Le droit international humanitaire, ou lois de la guerre, qui s’applique au conflit au centre du Mali, exige que toutes les attaques soient dirigées contre des cibles militaires. Bien que la présence de victimes civiles n’indique pas automatiquement une violation des lois de la guerre, les attaques ne peuvent pas être menées sans discernement ni causer des pertes civiles disproportionnées. Les forces attaquantes sont tenues de faire tout ce qui est possible pour vérifier que leurs cibles sont militaires et évaluer si les pertes civiles éventuelles sont excessives par rapport au gain militaire recherché. Les États parties à un conflit armé sont tenus d’enquêter sur les allégations crédibles de violations graves du droit de la guerre, qui peuvent constituer des crimes de guerre.
Les autorités maliennes et françaises doivent aider à l’enquête MINUSMA en fournissant aux enquêteurs les journaux de vol, les coordonnées de tous les avions opérant dans la zone ce jour-là, et les renseignements qui ont conduit à l’attaque.
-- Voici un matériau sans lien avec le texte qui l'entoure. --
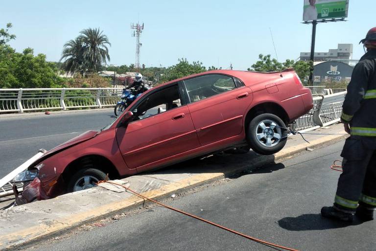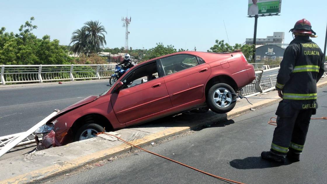 CULIACÁN._ Dos jóvenes que viajaban en un vehículo Kia lograron ponerse a salvo después de que el auto quedara colgando en el puente de la Colonia El palmito.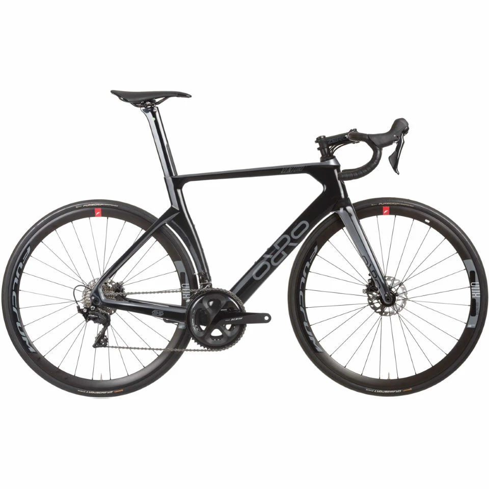 The Orro Venturi EVO 105 R800DB Road Bike is a top-level speed machine that features a carbon frame and fork, a Shimano 105 11-Speed groupset, hydraulic disc brakes and Fulcrum R800 wheels wrapped in Continental Grand Sport Race tyres.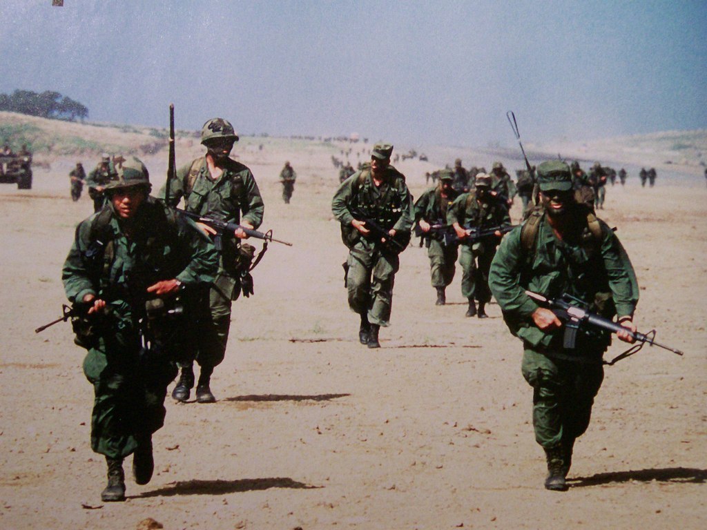 An iconic image of US Army Rangers during Operation: Urgent Fury, the invasion of Grenada in 1983.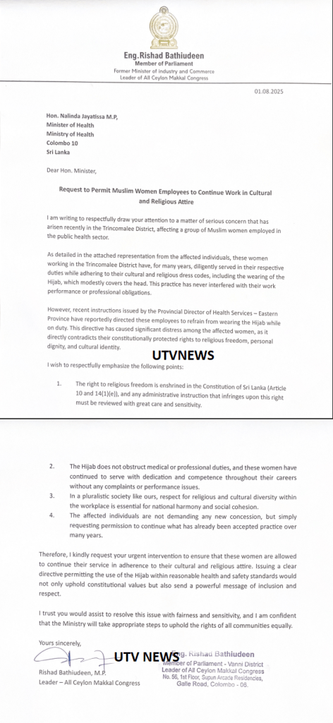 (UTV NEWS- Colombo) Rishad Bathiudeen, Member of Parliament and Leader of the All Ceylon Makkal Congress (ACMC), has formally appealed to the Minister of Health, Hon. Dr. Nalinda Jayatissa, urging immediate intervention to protect the constitutional rights of Muslim women employed in the public health sector in the Trincomalee District.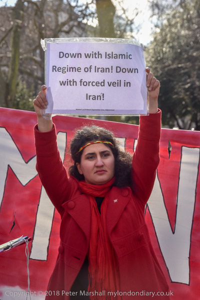 'Down with Islamic Regime of Iran! Down with forced Veil in Iran!'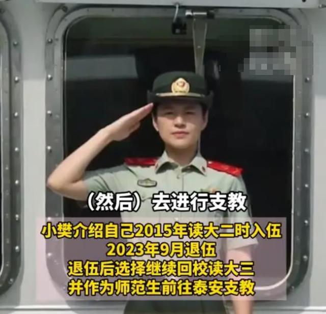 小樊这姑娘,她大二那年,毅然决然地选择了去当兵,这一当就是八年。八年对于一个女孩子来说,那是多么宝贵的青春时光!可是小樊,她就这么义无反顾地献给了祖国的国防事业。 去年九月小樊退伍了。按说一般人退伍后可能都会选择直接找工作或者继续深造,可小樊呢,她选择了回到学校继续读大三,而且还去了泰安支教。这姑娘,真是有情怀啊!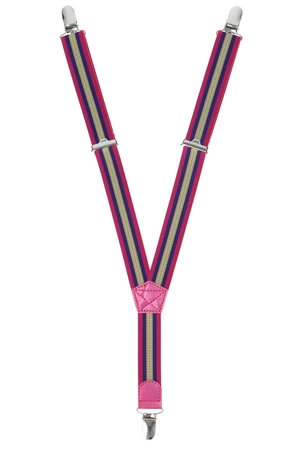 - Szelki dziecięce w paski różowe, niebieskie, żółte i białe z różowym wykończeniem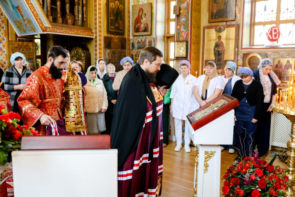 Прибывшего в храм архипастыря встречали заместитель главного врача по хирургии Дмитрий Петров и заместитель главного врача по медицинской работе Александр Лисутин.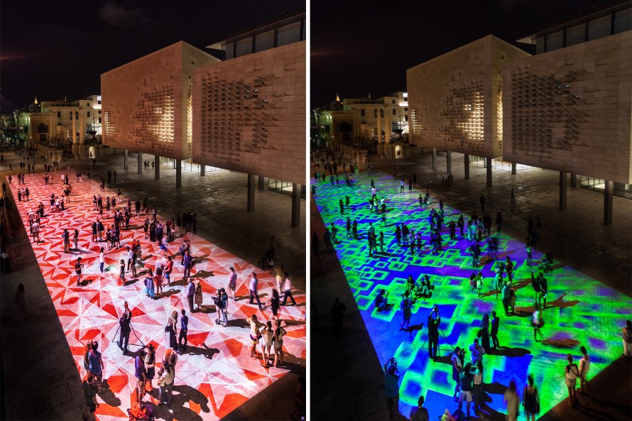 «Pixels Wave” is a giant light carpet that fill the floor of Republic Street at City Gate, in front of Malta’s New Parliament Building designed by the architect Renzo Piano. Various “multicolored graphic scenes,” following one upon another in random fashion, that are composed of such symbolic motifs from the digital universe as pixels, 0s and 1s (symbolic representations of binary code), Wi-Fi, Bluetooth, etc. «Pixels Wave” also incorporates fragments of Malta’s history, for example the Maltese cross. This fluid universe reacts to the motion of visitors. Their movements amplify the pixel distortions under their feet. Through the digital prism, these patterns expand to an urban scale, come alive, form and deform to infinity, and evolve to create an ever-changing universe.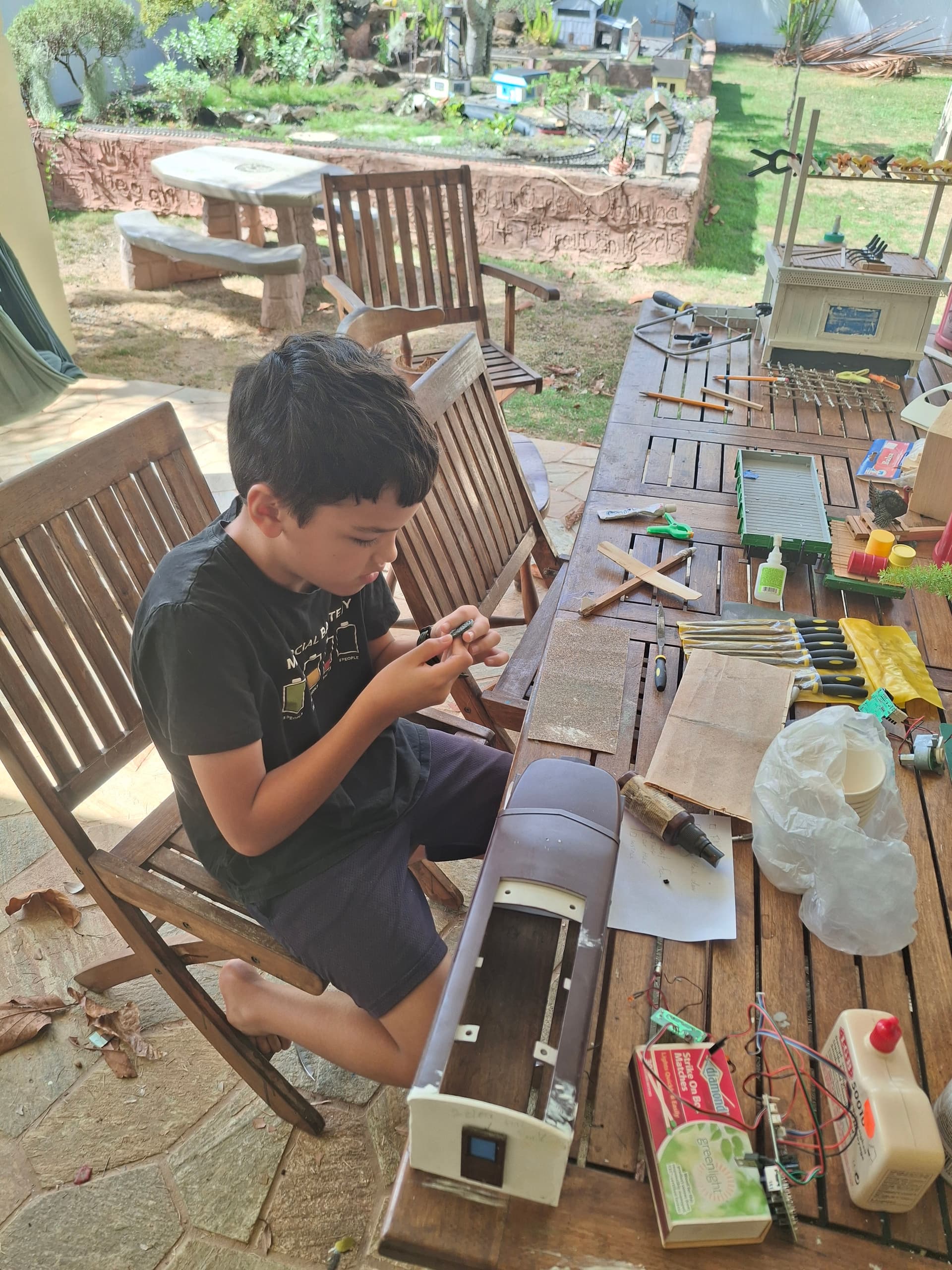 Somewhere over the weekend, we puttered with some electronics. Rooster had provided a smoke generator; I am sorry, but, courtesy of a recent reorganization of the bit-boxes, I do not recall who sent the sundry wires and boards with which we tinkered. Mea culpa, and thank you. My lack of consideration for the generosity of others aside, after I smoked an LED, we figured out how to give AM-critter lights and a smoke generator. As a consequence, Kid-zilla decided to leave off the screws that hold the roof in place. He is busily fashioning a piece of plastic to serve as the exhaust grill. The part caome from a box of “junk” Pete (@PeterT ) had sent along a couple years back. Now to figure out how to mount the smoke generator, lights and circuit boards…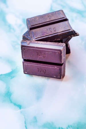 Ounce of ten grams of dark chocolate, on a background of blue marble.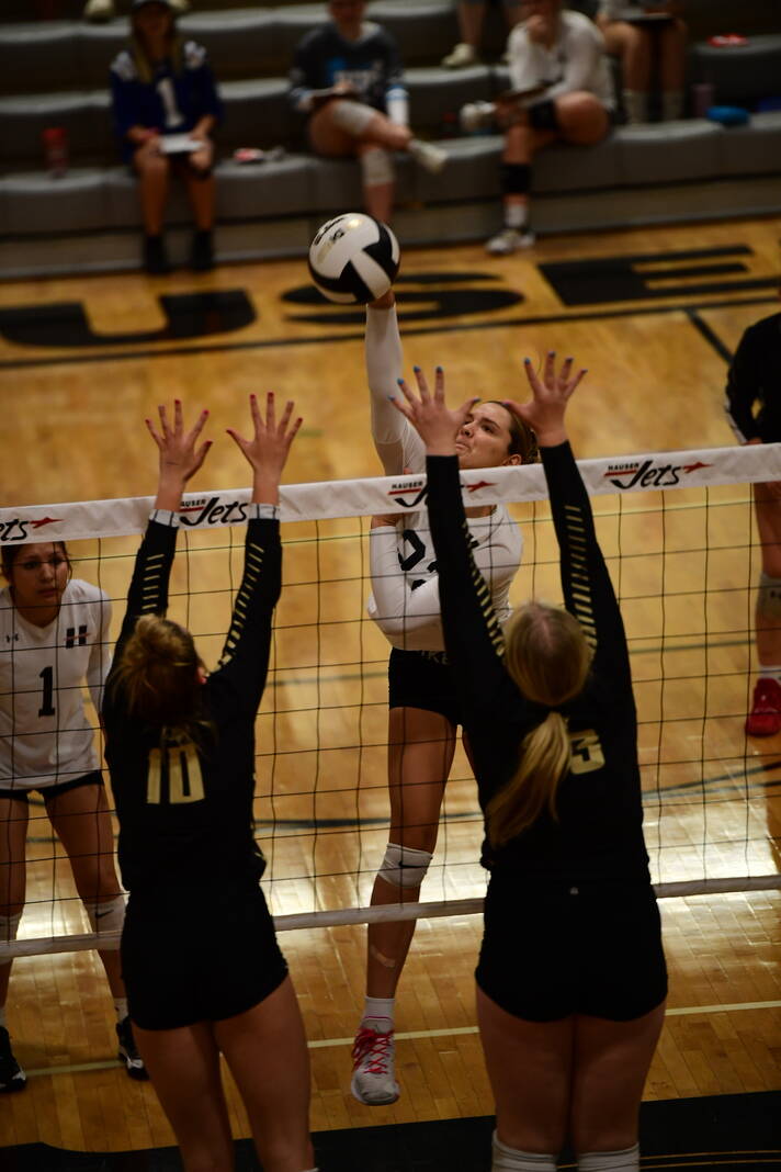 Also for Hauser, Kayden Miller totaled 21 assists, Paige McDaniel had three blocks, Norah Berkenstock pounded seven kills, Gracie Blair notched 10 digs and Mattie Foster added four digs.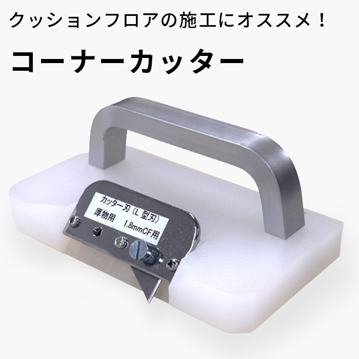 | 使用方法 | ▪床材を壁際まで正確に敷く為に使用します。 ・手のひらでコーナーを押さえ込み壁面に沿わせ、右から左へと滑らせてカットする。 |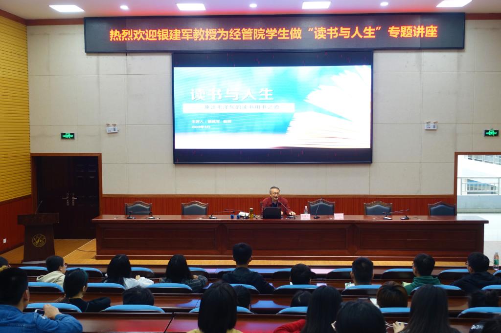 讲座中,银建军教授围绕读书人生的三个阶段、读书过程中的公司产品、读书和应用以及毛泽东的读书用书之道展开叙述。他首先通过经典楹联“几百年人家无非积善,等一等好事只是读书”引出“积善、读书是一辈子的事情”,随后又通过大数据展示各国人民的阅读现状,让同学们了解到读书的重要性,进而提出希望同学们养成会读书、好读书的好习惯。银建军教授在讲座过程中引经据典,穿透当今社会的事例,为同学们的读书作提供了导向和指点,给同学们的人生以启迪,使同学们获益匪浅。讲座结束后,台下观众的掌声经久不息。最后是互动环节,在场的同学们积极提问,银建军教授耐心为同学们解答疑惑。根据同学们的提问,银建军教授提出当代老员工除了看专业相关的书籍以外,也要多看一些文学作品,以此提高文化素养,培养情操。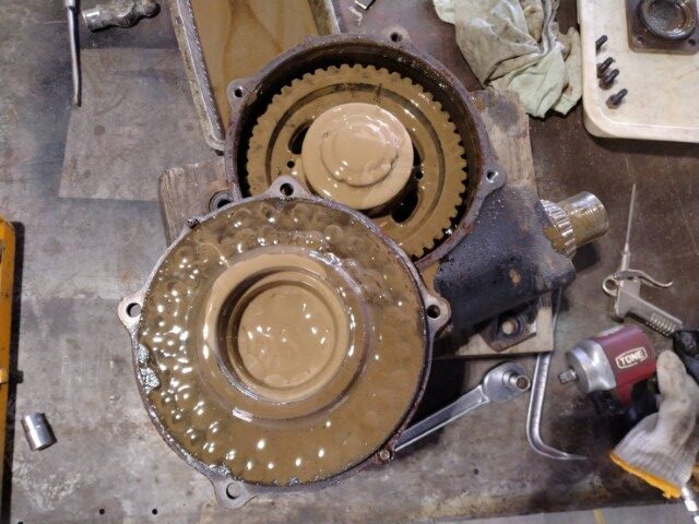 オイルの汚れが酷いですがギヤ等は無事そうです。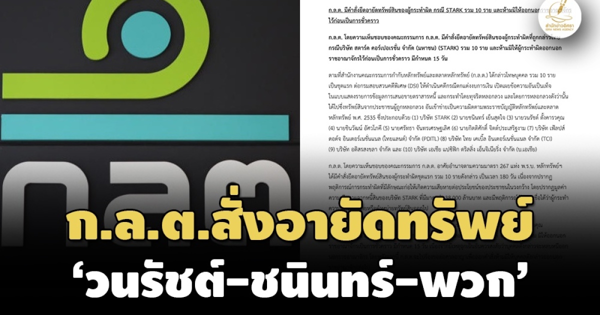 ก.ล.ต. สั่งยึดอายัดทรัพย์สิน 'ชนินทร์ เย็นสุดใจ-วนรัชต์ ตั้งคารวคุณ-พวก' กระทำความผิดกรณี STARK สั่งห้ามมิให้ออกนอกราชอาณาจักรไว้ก่อนเป็นการชั่วคราว ระบุกรณี STARK ปรากฏความเสียหาย 3.8 หมื่นล้าน
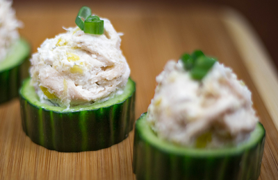 FILL each cucumber cup with 1 tablespoon of the chicken/dip mixture.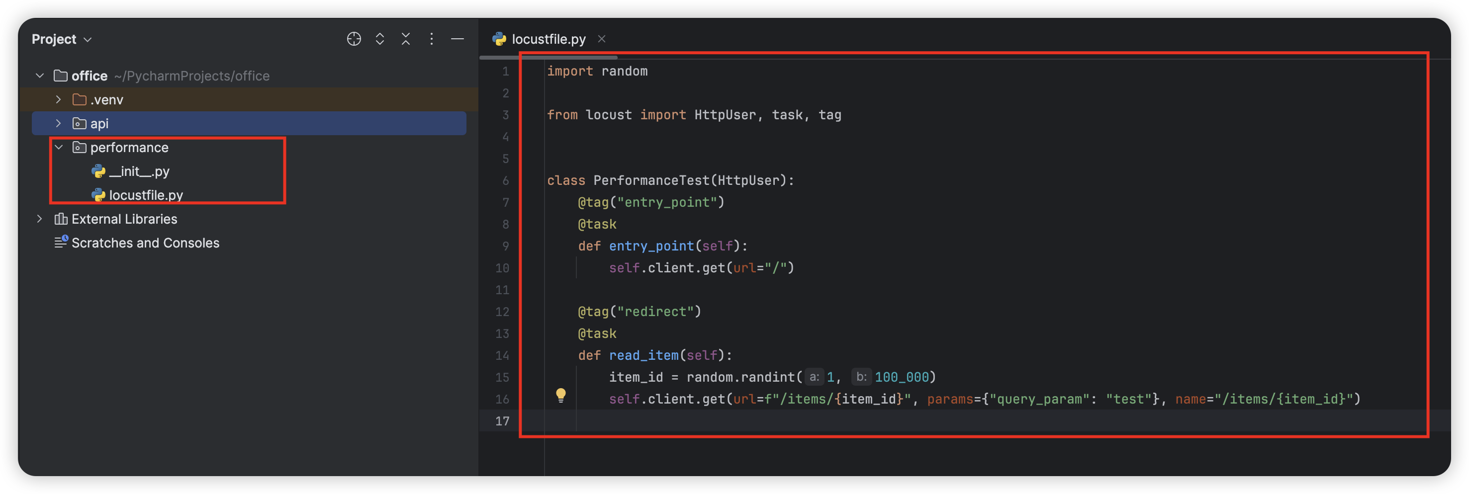 locustfile.py 라는 python file 이 entry point 가 되고, 어떤 API 를 어떤 시나리오로 테스트할 것인지 함수로 정의해주시면 됩니다.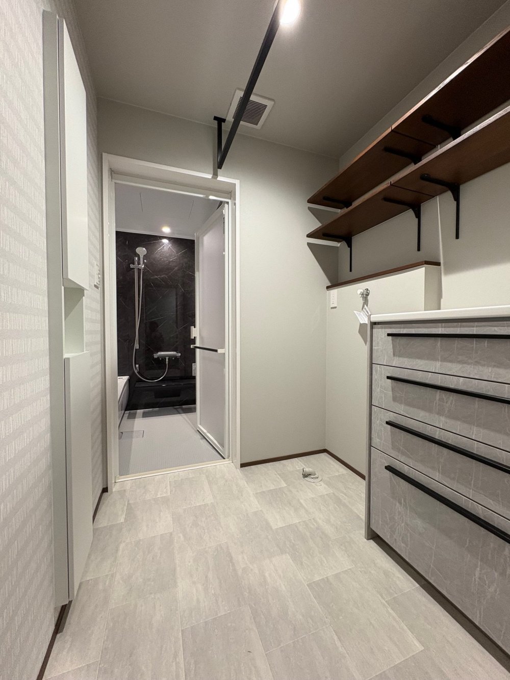 「洗う・干す・しまう」を1ヶ所で完結させる機能性と、ホテルライクな高級感が両立されたユーティリティー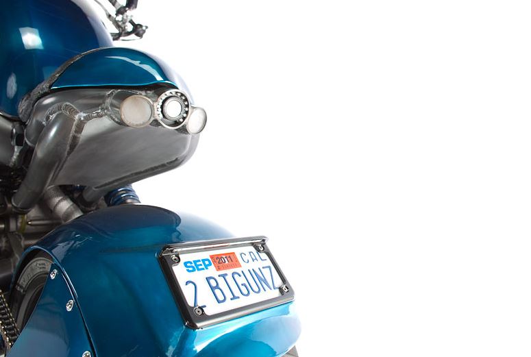 - Scoop, fenders, chin cowl, and buttnut: Hammered, wheeled and gas welded aluminum

Les autorités maliennes devraient immédiatement assurer la protection des témoins et des victimes et ouvrir une enquête judiciaire.
Dans l’intervalle, les autorités françaises devraient enquêter sur la frappe, y compris sur le rôle joué par la chaîne de commandement. Si l’enquête détermine que la frappe est illégale, la France devrait indemniser les victimes civiles et leurs proches et envisager de réparer les dommages causés aux civils, indépendamment de toute constatation d’action illégale.
« Plus vite des enquêtes crédibles et impartiales seront mises en place et dotées des informations nécessaires, plus vite elles auront des chances de donner des résultats précis et de dissiper les doutes et les rumeurs », a déclaré M. Pedneault. « En aidant la MINUSMA à mener cette enquête et en ouvrant leurs propres enquêtes indépendantes, les gouvernements malien et français non seulement respecteront leurs obligations internationales, mais démontreront leur engagement à protéger les populations locales et à faire respecter l’État de droit ».